What is the benefit of using GELU activation function over other activation functions?

The GELU activation function has been found to perform better than other activation functions in some tasks, especially in transformer models. Here are some benefits of using GELU:


## Non Linearity

Like other activation functions, GELU introduces non-linearity into the model, which allows the model to learn complex patterns.


## Smooth Gradient

GELU is differentiable and has a smooth gradient everywhere, which can help improve the stability of the model's training.


## Better Performance

Some studies have found that GELU can lead to better model performance compared to other activation functions, such as `ReLU` or `Leaky ReLU`, especially in transformer models.


## Gaussian Distribution

The output of GELU follows a Gaussian distribution, which can be beneficial in some cases.


However, the choice of activation funciton can depend on the specific task and model architecture. It's often a good idea to experiment wirth different activation functions to see which one works best for the specific use case.

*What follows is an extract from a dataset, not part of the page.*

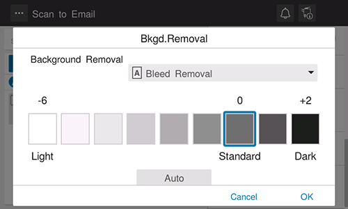 [Bleed Removal] | Adjust the density of the background color to prevent bleeding of the back of the paper when printing a 2-sided original that is so thin that the contents of the back side would be scanned. Selecting [Auto] automatically determines the density of the background color, and scans an original at the optimum background density level. |

# Implementing with Python

In [1]:
import torch
import math

class GELU(torch.nn.Module):
    def forward(self,x):
        return 0.5*x*(1+torch.tanh(math.sqrt(2/math.pi)*(x+0.044715*torch.pow(x,3))))

# Testing

Here we creat a batch of 32 sequences, each of length 10, with 64 features

In [2]:
def test_forward():
    gelu=GELU()
    x=torch.randn(32,10,64)
    y=gelu(x)
    
    assert x.shape==y.shape

test_forward()